Collin found first team opportunities at Gillingham limited and most of his appearances came as a substitute. Collin's spell at Priestfield was ended when Gillingham released him in May 2007. He was subsequently signed by former Gillingham boss Andy Hessenthaler at Dover Athletic in June 2007, and signed a new one-year contract in May 2008. The following season saw Dover Athletic clinch the Isthmian League Premier Division title with the help of Collin's 21 goals and he extended his stay at Dover in May 2009 by signing another contract with the Kent club. He left the club at the end of the 2009–10 season to join Tonbridge Angels.
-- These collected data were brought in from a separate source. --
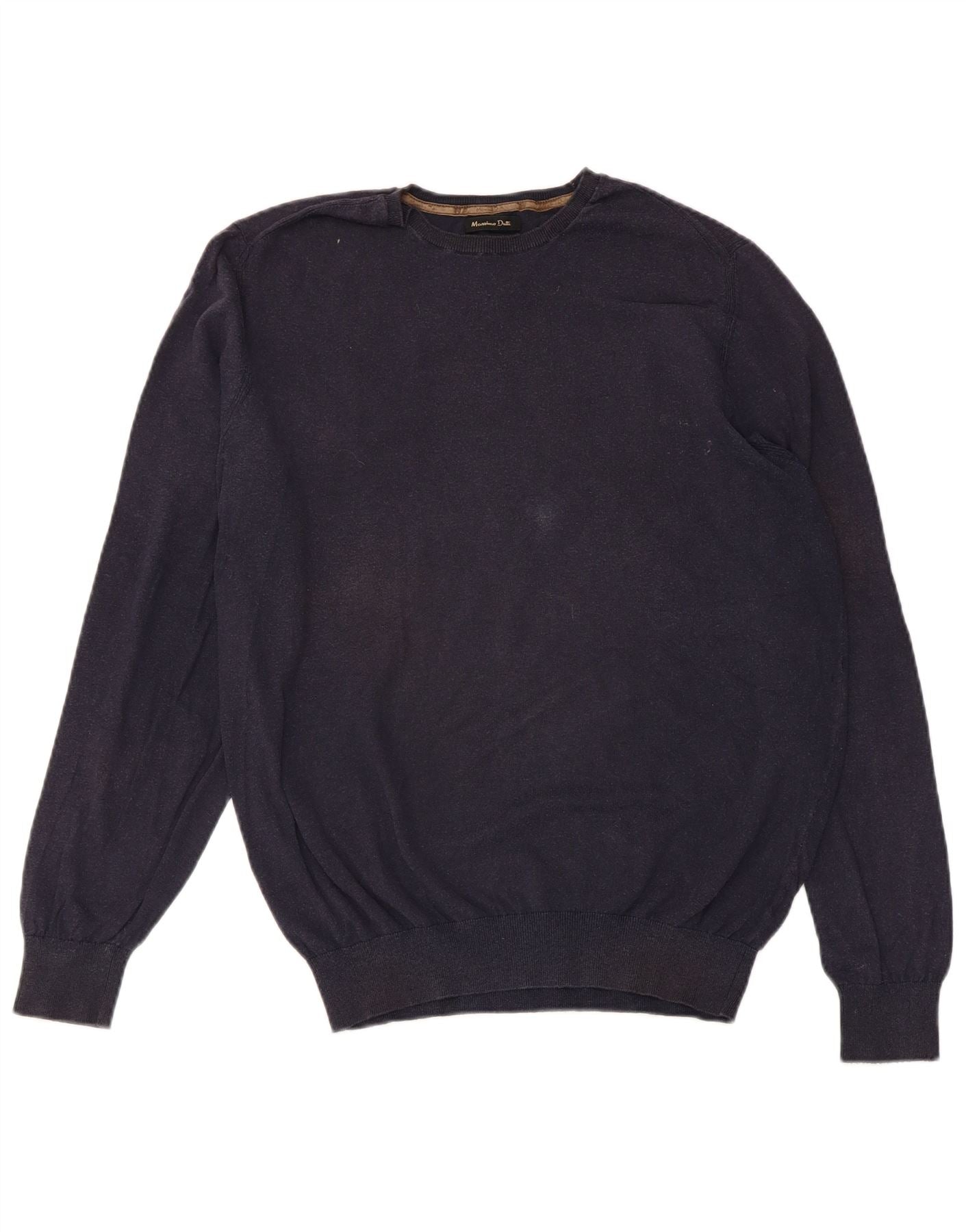 MASSIMO DUTTI Mens Crew Neck Jumper Sweater Medium Navy Blue Cotton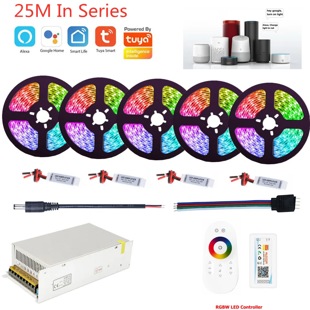 Светодиодная лента SMD5050, водонепроницаемая лампа с контроллером Wi-Fi, с функцией телефона, Alexa, Google Voice, 12 В постоянного тока, 5 м, 10 м, 30 м
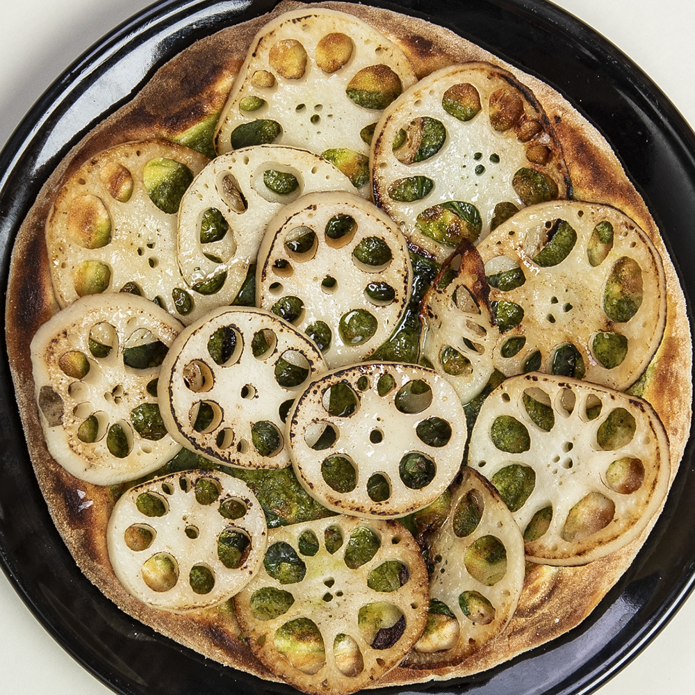 瑞々しい新レンコンの食感が心地よいオリジナルピザ。爽やかな大葉のジェノベーゼソースが、レンコンの持ち味をより引き出しています。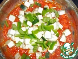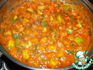 Томатное пюре прожарилось, добавить остальные овощи (цуккини, баклажан и болгарский перец),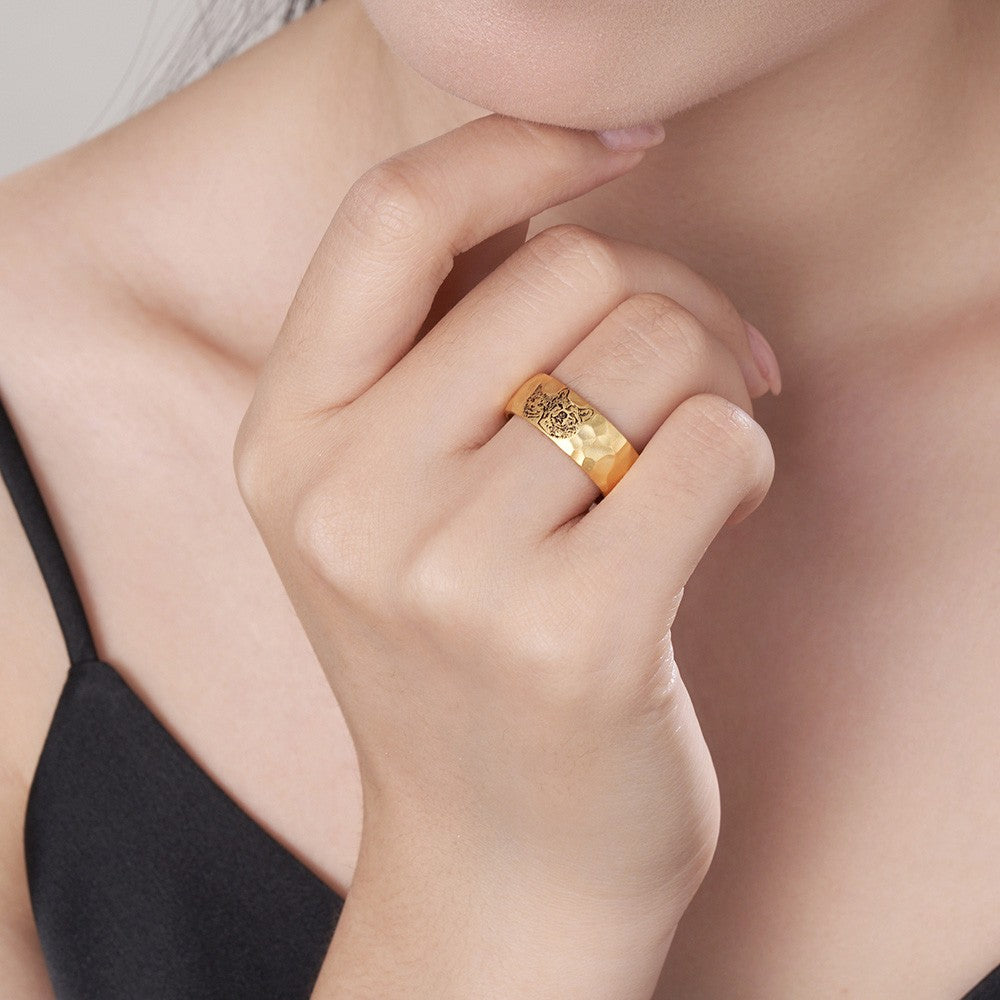Wide Band Ring with Hammered Texture - Crafted from high-quality sterling silver 925/brass, this ring ensures longevity and retains its finish over time. The wide band design of the ring provides a substantial and eye-catching presence on the finger. The hammered texture adds a rustic and artisanal feel, creating a visually appealing contrast to the personalized portrait engraving.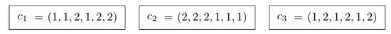 In this paper, a codification equivalent to one of the most common representations of the literature is used, which is known as “coding by operation order”, first presented in Reference [64]. Since, in this representation, the solution space of a JSSP of N jobs and M machines is formed by chromosomes , such that exactly M coordinates of c are equal to i (representing the job index i), for every .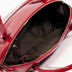 Броская женская сумка из искусственной лакированной кожи. Стенки изделия плотные. Основное отделение застегивается на металлическую молнию. Внутри два открытых кармашка и два прорезных кармана на молнии. Подкладка текстиль. Ручки средней длины позволяют носить сумку на плече, в комплекте съемный ремешок. Цвет фурнитуры - золотой. Дно формованное с металлическими ножками.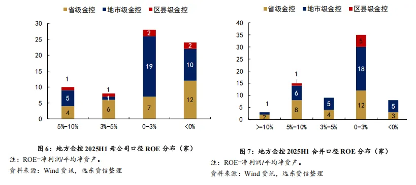 整体而言,一方面,行业层面呈现“收入弱修复、利润仍下行”的弱复苏态势;另一方面,合并与母公司口径的显著差异及ROE分层分布,进一步凸显了“子强母弱”的结构性特征和内部信用分化:头部省级与强市级平台依托牌照与股权投资仍能维持相对可观的集团盈利,而大量中小、弱区域平台则在投资回撤、息差收窄与减值压力下盈利趋弱甚至亏损。

In his first season with Tonbridge, Collin bagged 21 goals in all competitions from 43 appearances, with 16 coming from 40 appearances in the league. He was named Tonbridge Angels player of the year for the 2011–12 season and won the Golden Boot for the Conference South in the same season with 29 league goals.

In the 2013 close-season, Collin announced he was leaving Tonbridge Angels after three years at the club. After much speculation, which saw the player linked with Conference South clubs Sutton United, Whitehawk and Dover Athletic, Collin signed for Maidstone United, who had just been promoted to the Isthmian League Premier Division.

On 7 January 2022, he signed for Isthmian League South East Division side Ashford United, having been without a club for over a month following his departure as player/coach for divisional rivals Hythe Town.

In June 2022, Collin returned to Hythe Town in the role of player-coach.

In June 2024, Collin joined Southern Counties East Premier Division side Faversham Town. In December 2025, he joined the coaching team as player/coach In April 2026, he was appointed caretaker manager for the remainder of the season following the sacking of Tommy Warrilow.